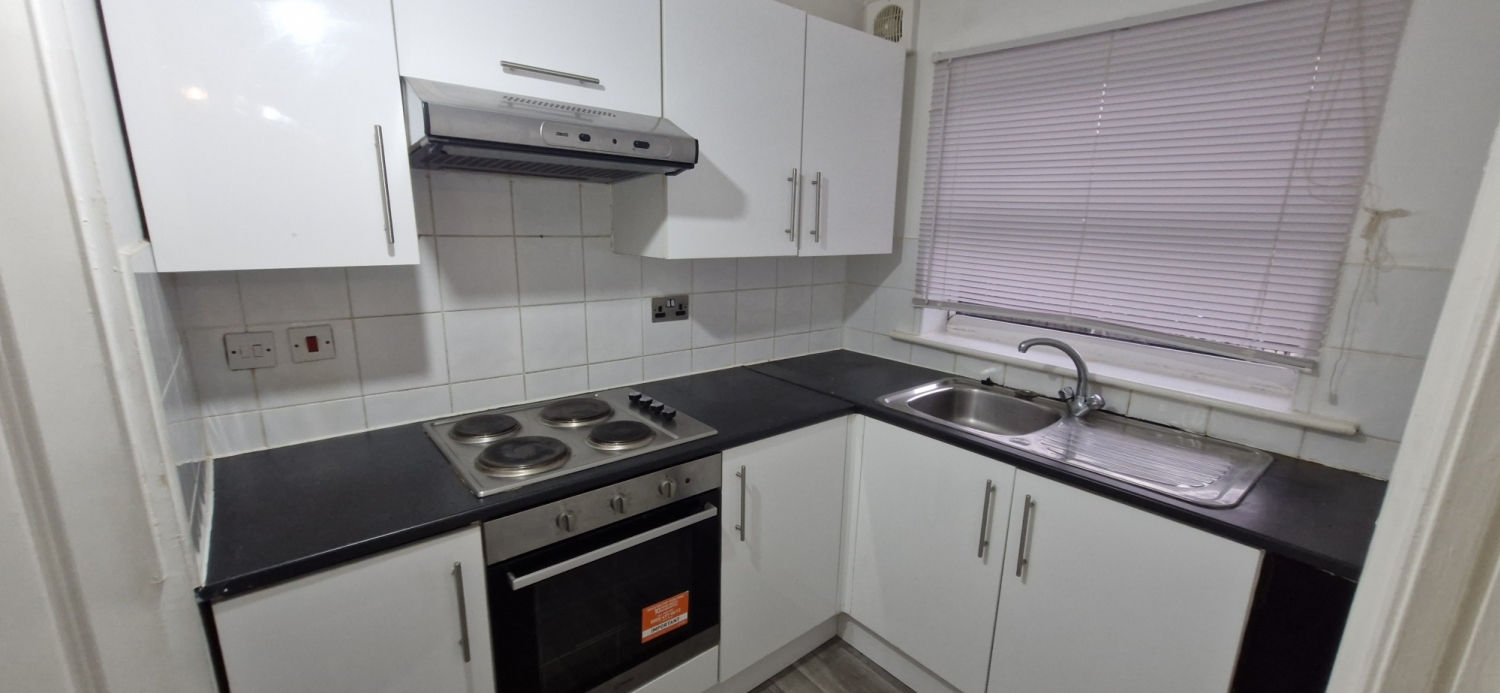The modern fitted kitchen is equipped with essential appliances including an oven, hob, fridge/freezer, and washing machine, ensuring convenience for daily living.
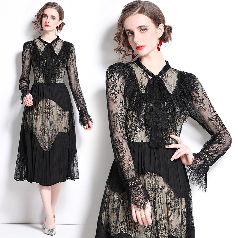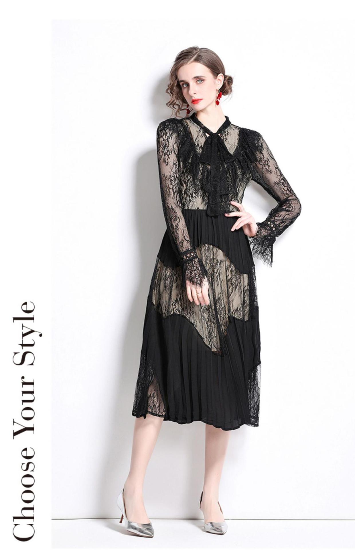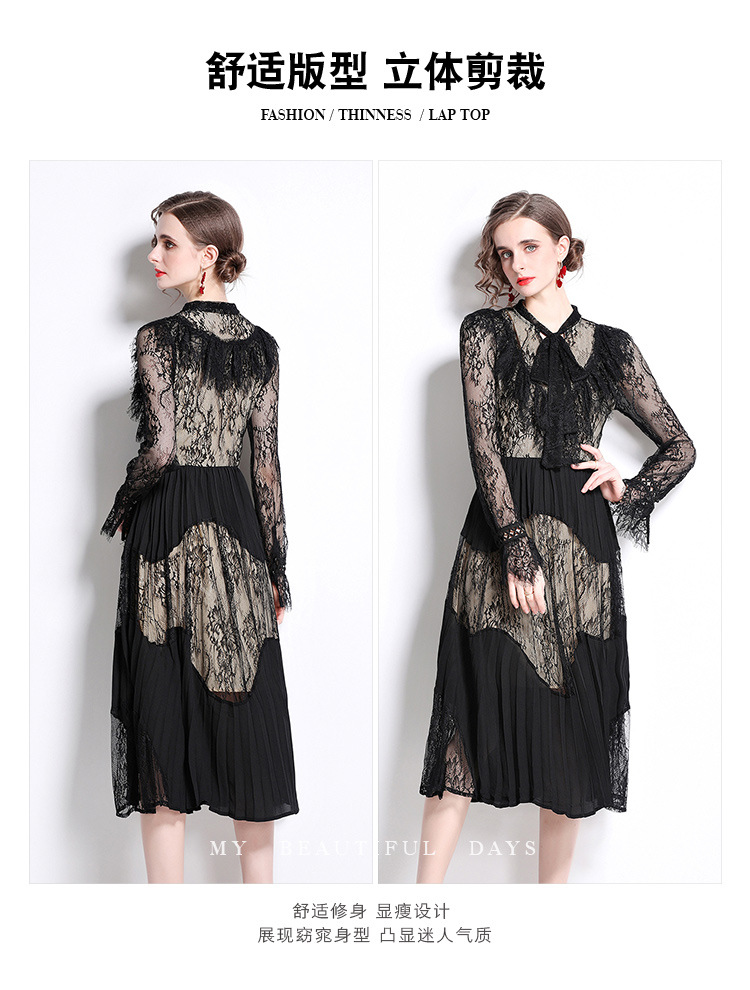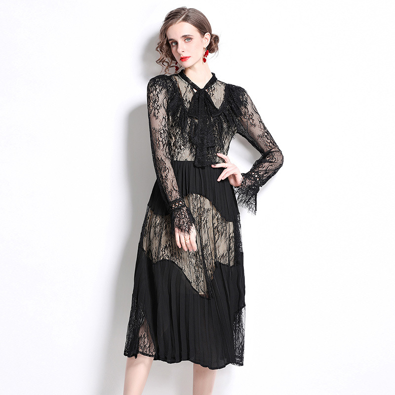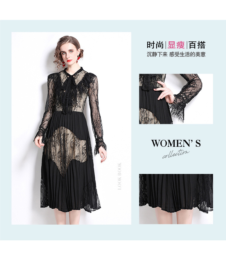 Chiếc đầm dành cho mùa xuân với điểm nhấn là phần cổ có nơ điều chỉnh được. Tay áo dài sử dụng chất liệu có hiệu ứng xuyên thấu tinh tế, kết hợp cùng đường diềm đăng ten mềm mại. Thiết kế ôm eo, phối cùng phần thân dưới xếp li và vạt rộng tạo dáng điệu thướt tha. Mặc cùng giày cao gót hoặc giày búp bê đều phù hợp để tôn lên vẻ nữ tính. | Tên sản phẩm: Váy Đầm Liền Thân Nữ Chất Liệu Ren Dài Tay Hàng Mùa Xuân Thu Đông - Thời Trang Nữ | Mã sản phẩm: A9593 - Giá: 940.000đ | Mã nhà sản xuất: GUDG-G03Hình ảnh sản phẩm
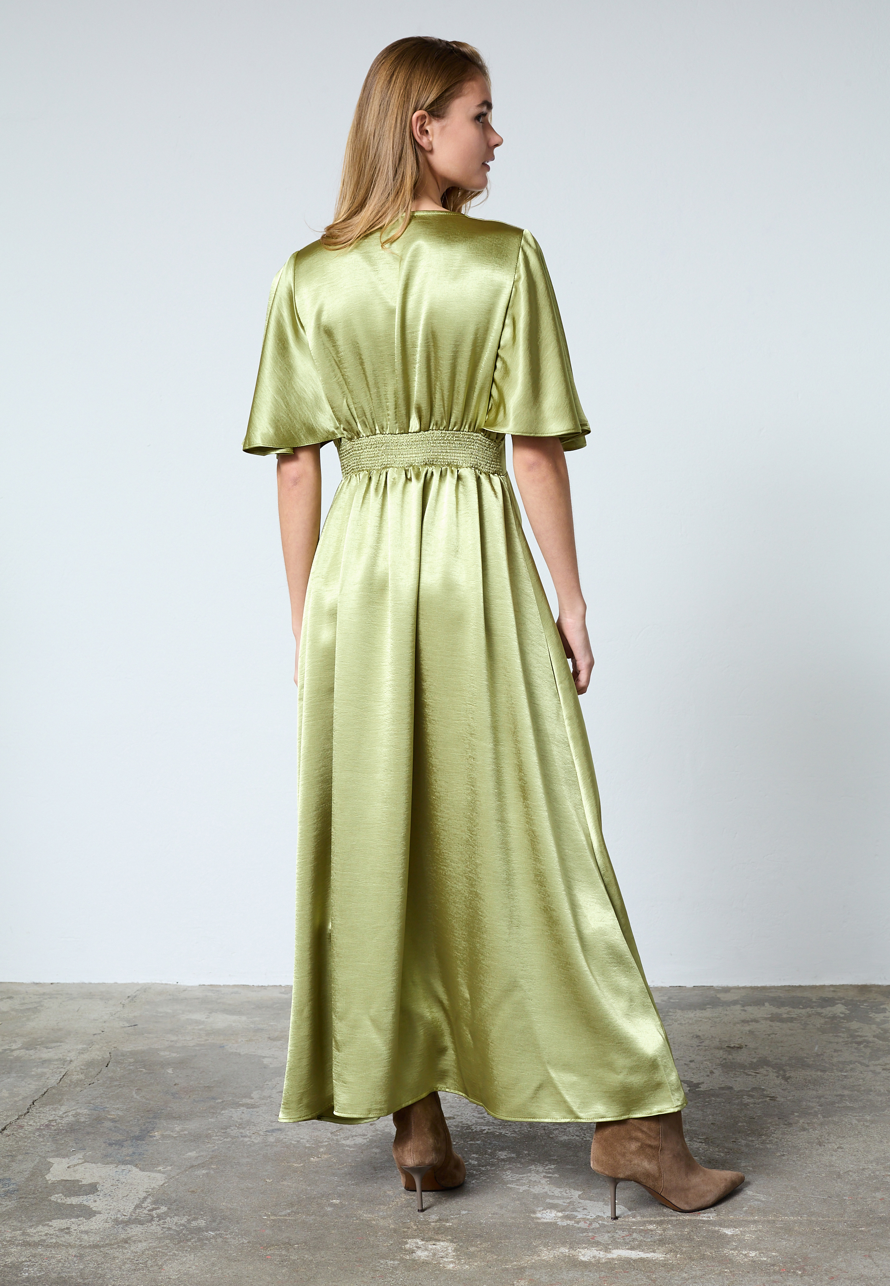 GISELA-DR16 is an elegant, long dress in a smooth, shiny quality. The dress features a flattering V-neckline with a wrap effect, short batwing sleeves, and a wide waistband at the waist, creating a beautiful silhouette. The model is wearing a size S.
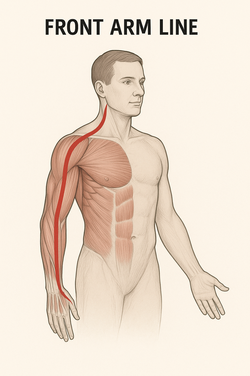 アームラインは、胸・肩・腕・手をつなぐ筋膜の連鎖で、特に「フロント・アームライン」が硬くなると、肩が前に引っ張られやすくなります。
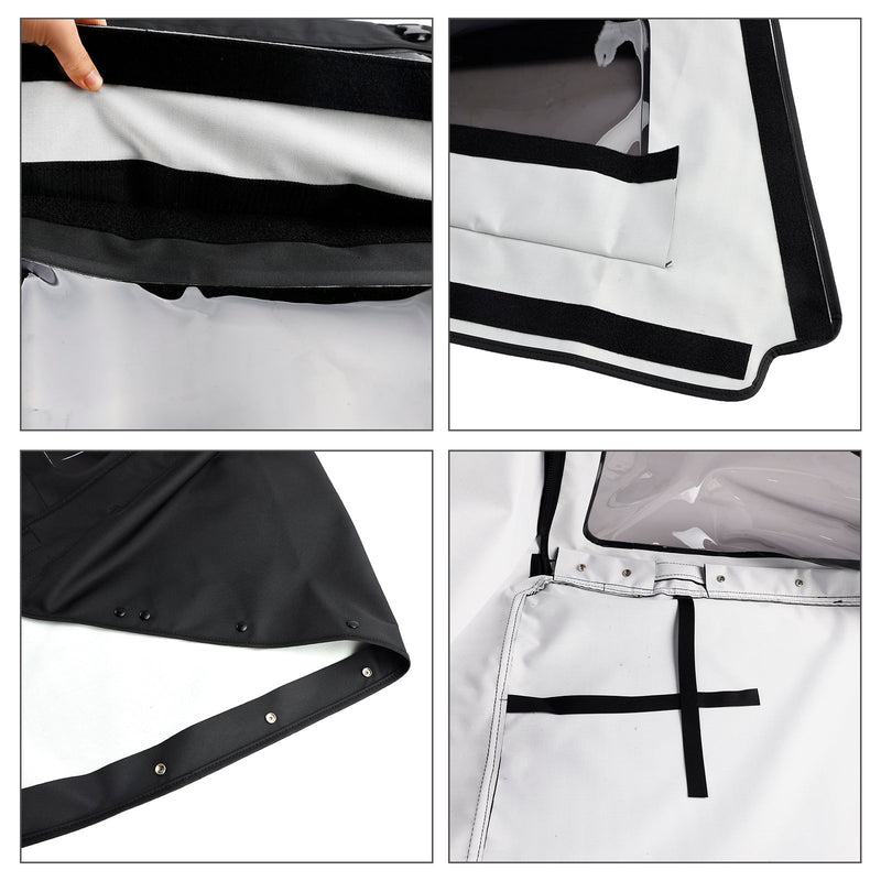 When not in use, the top is stored in the convenient built-in storage system along with the side panels.
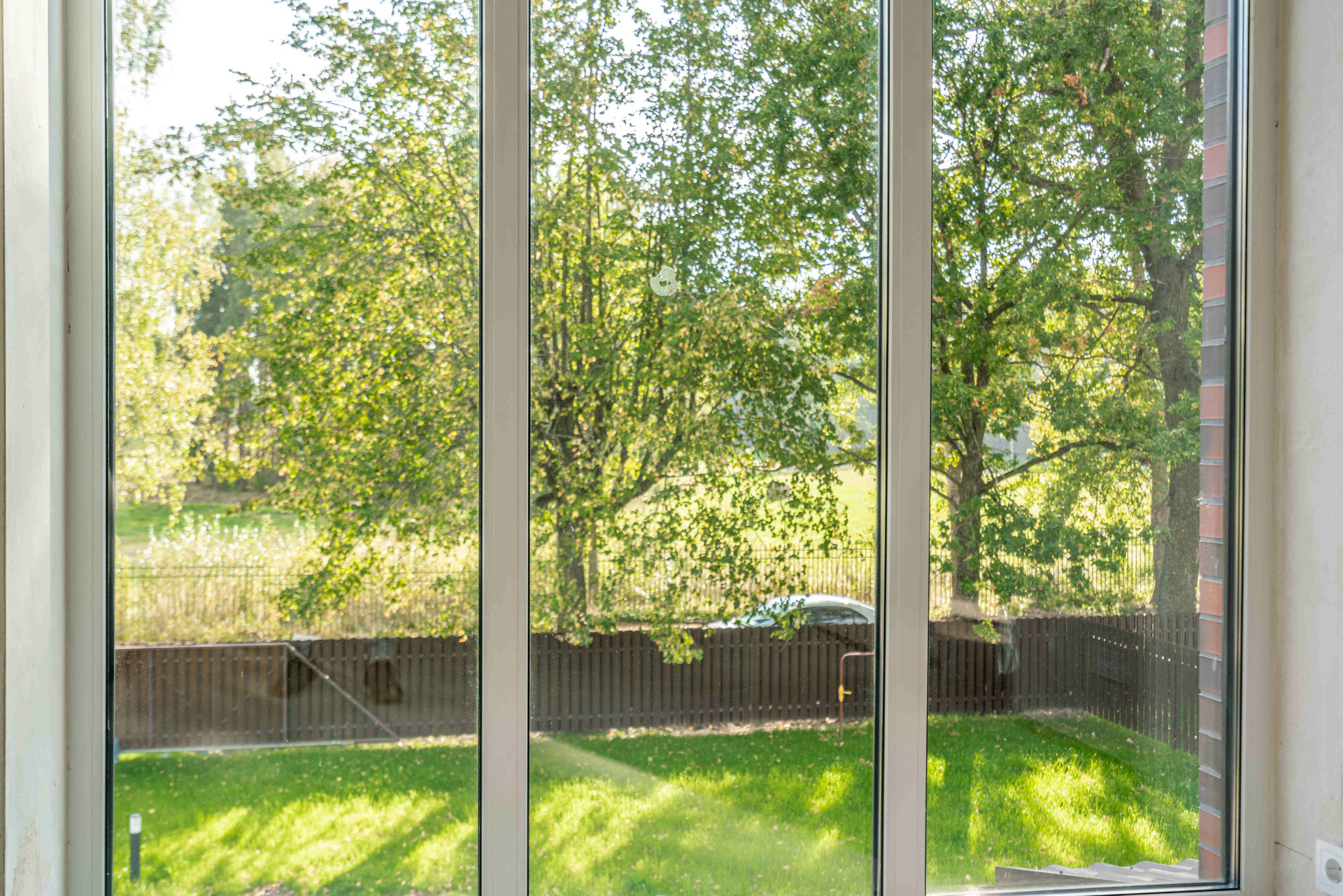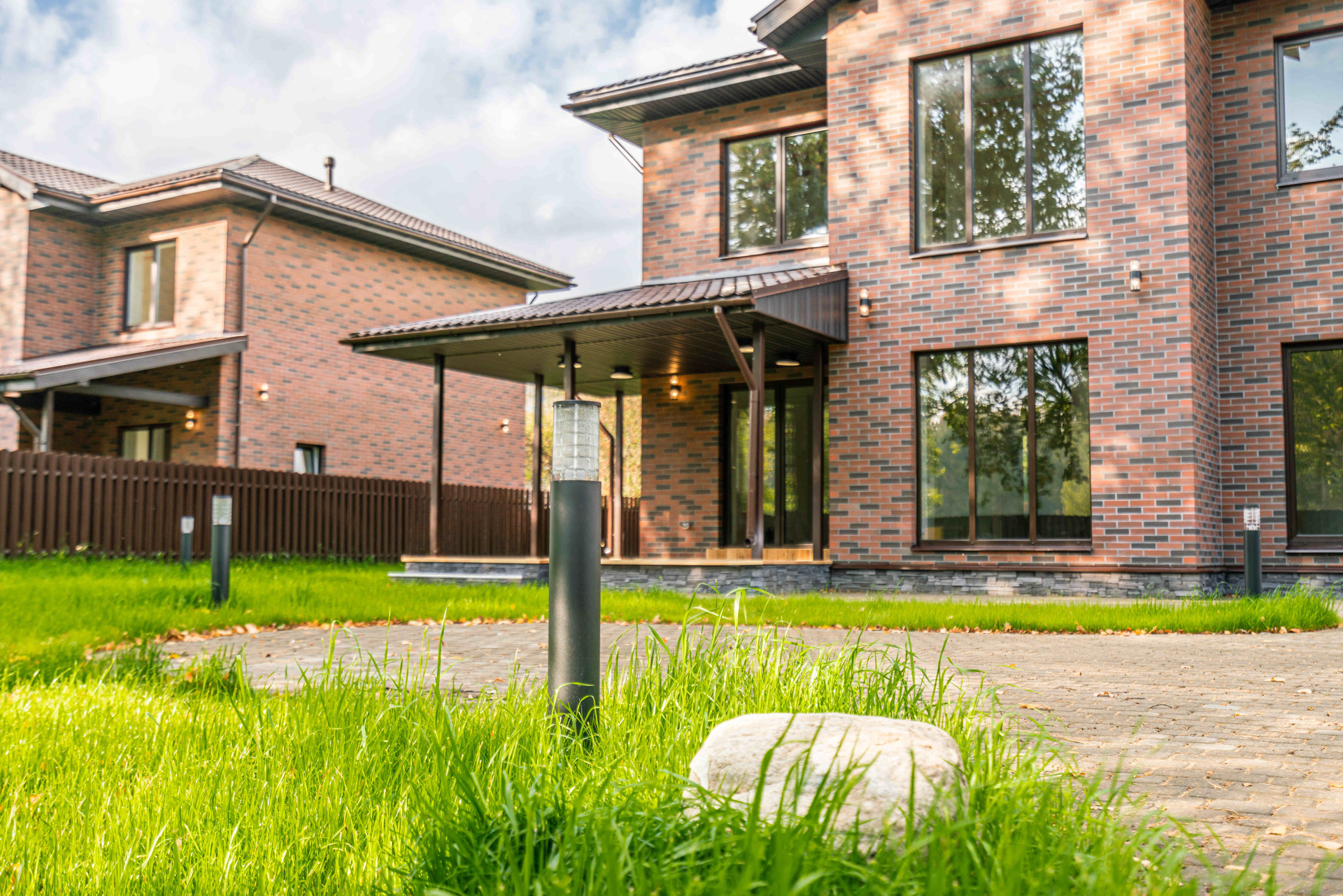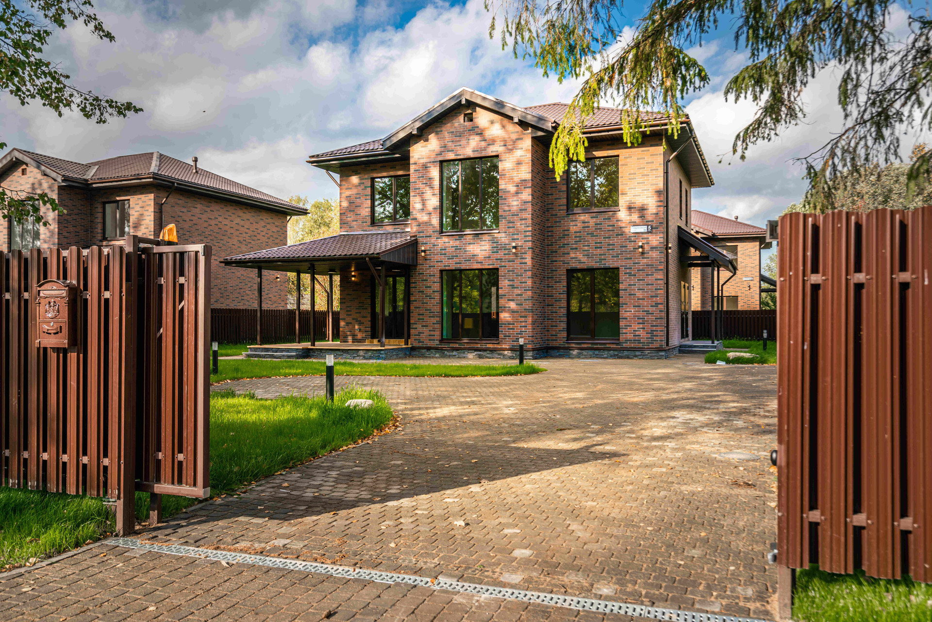 На территории предусмотрен ландшафтный дизайн с привлекательным газоном, освещением, дорожками, парковочными местами и функциональными откатными воротами.
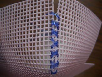 - Cut a piece of plastic canvas from the left over canvas in step 1, that is 6 squares by 62 squares.
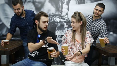 José Seijo reconoce que él no es muy fan de las claras: «En todo caso, prefiero el combinado que se comercializa ya preparado por parte de algunos conocidos fabricantes de cerveza». Pero Alberto Boquete sí que se toma una clara con gusto y departe sobre el tema con la también clarista Eva Vilar y con el más cervecero Iago Felipe (ambos en la foto). «Cuando aprieta la sed, sí que me tomo una clara. Dado que con el refresco de limón de Fanta se me hace un poco dulce de más, yo la prefiero con Casera de limón o con Kas de limón», afirma Boquete.
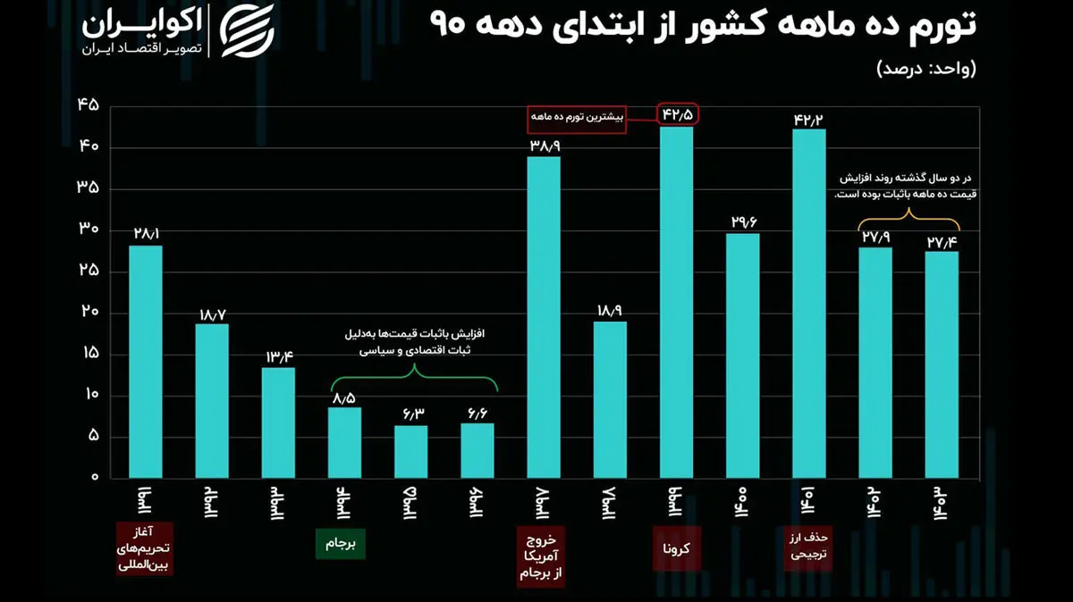 روند باثبات تورم ده ماهه تا سال ۹۶ ادامه داشت، ولی با خروج ترامپ از توافقنامه برجام در ابتدای سال ۹۷ و تشدید تحریمها، سطح عمومی قیمتها در ده ماه ۳۸.۹ درصد افزایش یافته است. پس از این شوک منفی به اقتصاد، تورم ده ماهه در سال ۹۸ تا حدودی کاهش یافته و به ۱۸.۹ درصد رسیده است.
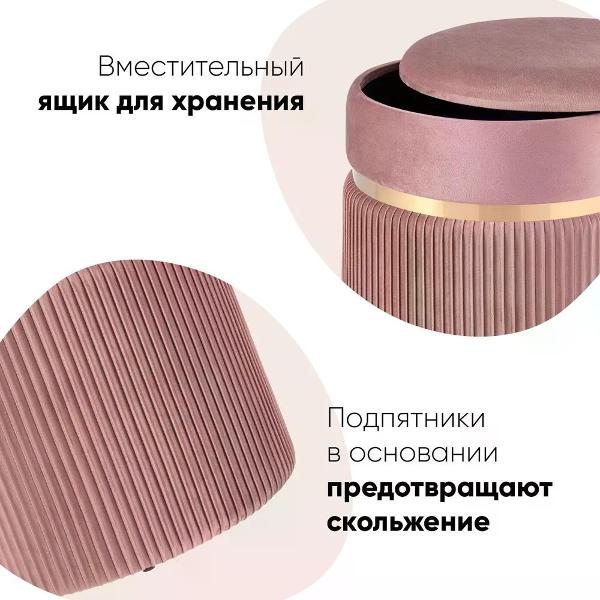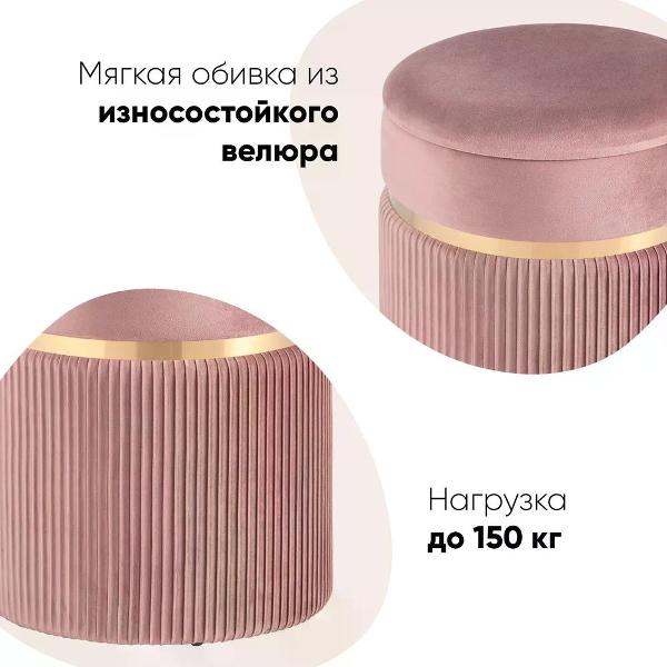 Благодаря круглой форме, обивке из велюра и наличию встроенного ящика для хранения пуфик легко вписывается в различные интерьерные стили — от минимализма до современного или классического. Он остаётся практичным решением для прихожей, спальни, гостиной и личных зон, сочетая комфорт, функциональность и аккуратный внешний вид.

Work required: Please reproduce the records above exactly, omitting every picture.

Output:
The modern fitted kitchen is equipped with essential appliances including an oven, hob, fridge/freezer, and washing machine, ensuring convenience for daily living.
 Chiếc đầm dành cho mùa xuân với điểm nhấn là phần cổ có nơ điều chỉnh được. Tay áo dài sử dụng chất liệu có hiệu ứng xuyên thấu tinh tế, kết hợp cùng đường diềm đăng ten mềm mại. Thiết kế ôm eo, phối cùng phần thân dưới xếp li và vạt rộng tạo dáng điệu thướt tha. Mặc cùng giày cao gót hoặc giày búp bê đều phù hợp để tôn lên vẻ nữ tính. | Tên sản phẩm: Váy Đầm Liền Thân Nữ Chất Liệu Ren Dài Tay Hàng Mùa Xuân Thu Đông - Thời Trang Nữ | Mã sản phẩm: A9593 - Giá: 940.000đ | Mã nhà sản xuất: GUDG-G03Hình ảnh sản phẩm
 GISELA-DR16 is an elegant, long dress in a smooth, shiny quality. The dress features a flattering V-neckline with a wrap effect, short batwing sleeves, and a wide waistband at the waist, creating a beautiful silhouette. The model is wearing a size S.
 アームラインは、胸・肩・腕・手をつなぐ筋膜の連鎖で、特に「フロント・アームライン」が硬くなると、肩が前に引っ張られやすくなります。
 When not in use, the top is stored in the convenient built-in storage system along with the side panels.
 На территории предусмотрен ландшафтный дизайн с привлекательным газоном, освещением, дорожками, парковочными местами и функциональными откатными воротами.
 - Cut a piece of plastic canvas from the left over canvas in step 1, that is 6 squares by 62 squares.
 José Seijo reconoce que él no es muy fan de las claras: «En todo caso, prefiero el combinado que se comercializa ya preparado por parte de algunos conocidos fabricantes de cerveza». Pero Alberto Boquete sí que se toma una clara con gusto y departe sobre el tema con la también clarista Eva Vilar y con el más cervecero Iago Felipe (ambos en la foto). «Cuando aprieta la sed, sí que me tomo una clara. Dado que con el refresco de limón de Fanta se me hace un poco dulce de más, yo la prefiero con Casera de limón o con Kas de limón», afirma Boquete.
 روند باثبات تورم ده ماهه تا سال ۹۶ ادامه داشت، ولی با خروج ترامپ از توافقنامه برجام در ابتدای سال ۹۷ و تشدید تحریمها، سطح عمومی قیمتها در ده ماه ۳۸.۹ درصد افزایش یافته است. پس از این شوک منفی به اقتصاد، تورم ده ماهه در سال ۹۸ تا حدودی کاهش یافته و به ۱۸.۹ درصد رسیده است.
 Благодаря круглой форме, обивке из велюра и наличию встроенного ящика для хранения пуфик легко вписывается в различные интерьерные стили — от минимализма до современного или классического. Он остаётся практичным решением для прихожей, спальни, гостиной и личных зон, сочетая комфорт, функциональность и аккуратный внешний вид.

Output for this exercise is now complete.